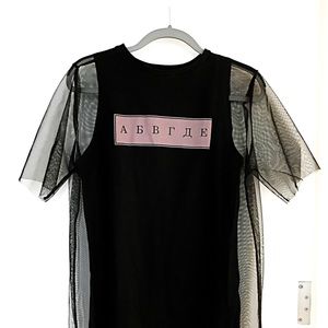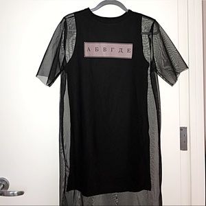 Sexy Bodycon black dress with Greek writing in faded pink text. With a long black mesh slip over it, making it very edgy. Brand new, never been worn. Bought in an upscale boutique in Dubai.
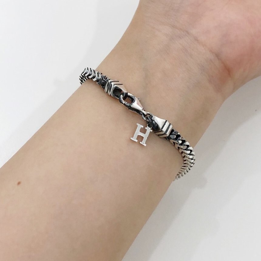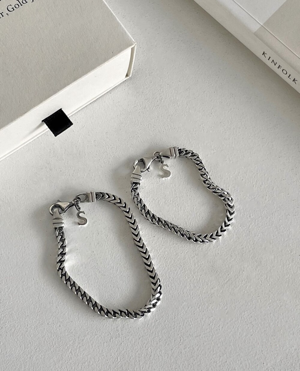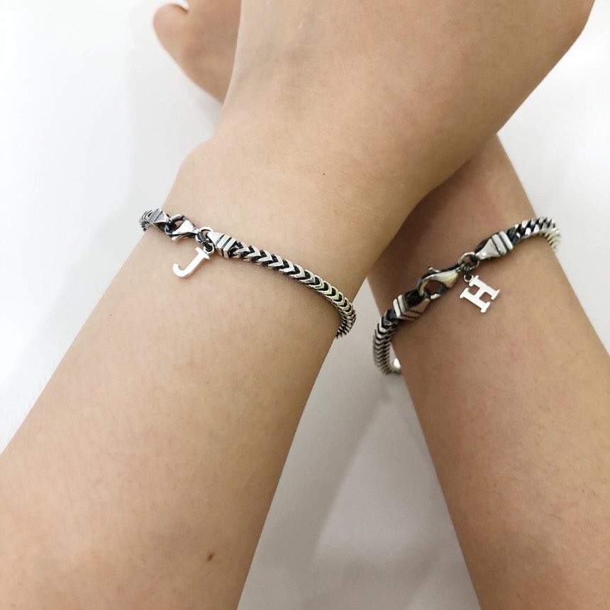 실버 라지 트위스트 유화 체인 이니셜 커플 우정 팔찌 발찌
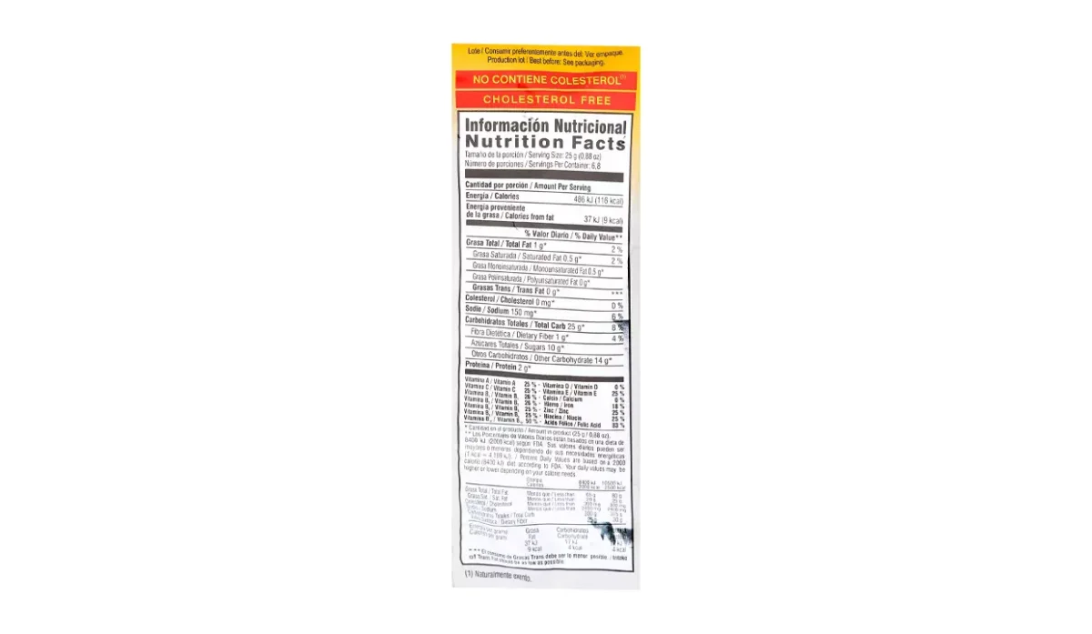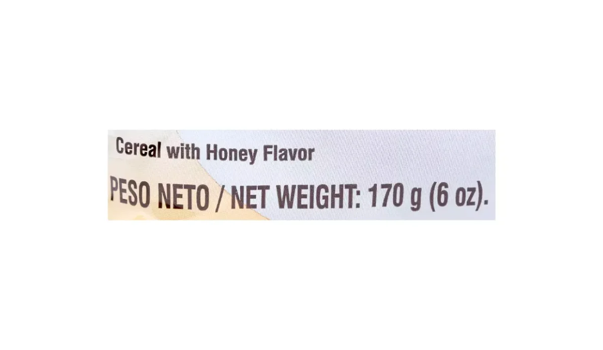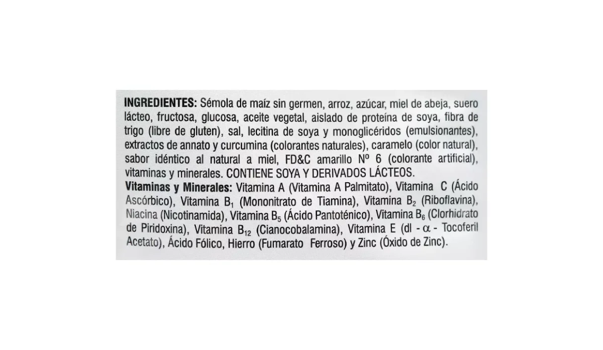 | Ingredientes | Sémola de maíz, azúcar, glucosa, extracto de malta, fibra de trigo, sal, aceite vegetal, proteína de soya y sabor a artificial a miel |
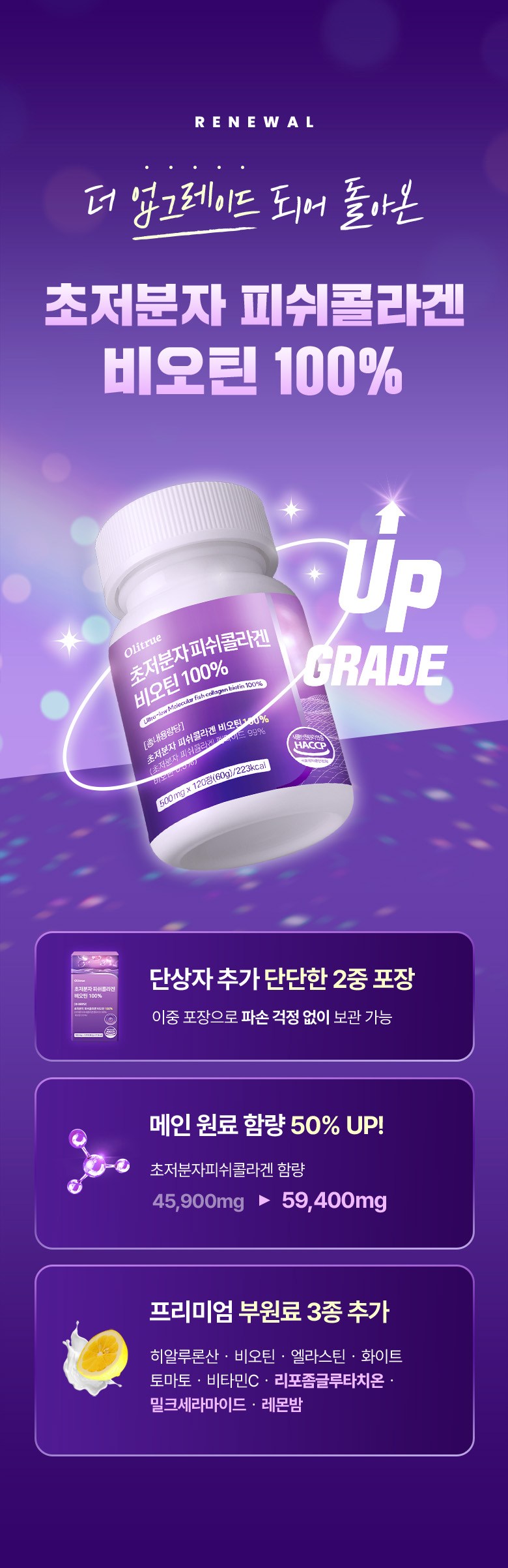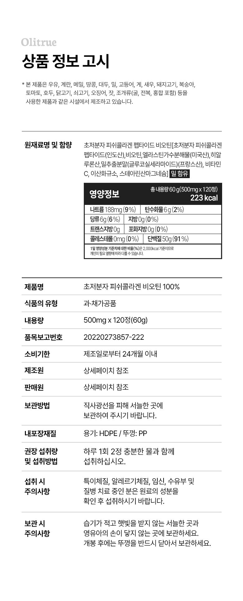 | 제품명 | 올리트루 저분자 피쉬콜라겐 펩타이드 비오틴 | 제조업소의 명칭과 소재지 | 올리트루 협력사 |

WHAT THIS TASK INVOLVES =
Only the text of the listing above is wanted, transcribed exactly, without its images.

REPLY =
 Sexy Bodycon black dress with Greek writing in faded pink text. With a long black mesh slip over it, making it very edgy. Brand new, never been worn. Bought in an upscale boutique in Dubai.
 실버 라지 트위스트 유화 체인 이니셜 커플 우정 팔찌 발찌
 | Ingredientes | Sémola de maíz, azúcar, glucosa, extracto de malta, fibra de trigo, sal, aceite vegetal, proteína de soya y sabor a artificial a miel |
 | 제품명 | 올리트루 저분자 피쉬콜라겐 펩타이드 비오틴 | 제조업소의 명칭과 소재지 | 올리트루 협력사 |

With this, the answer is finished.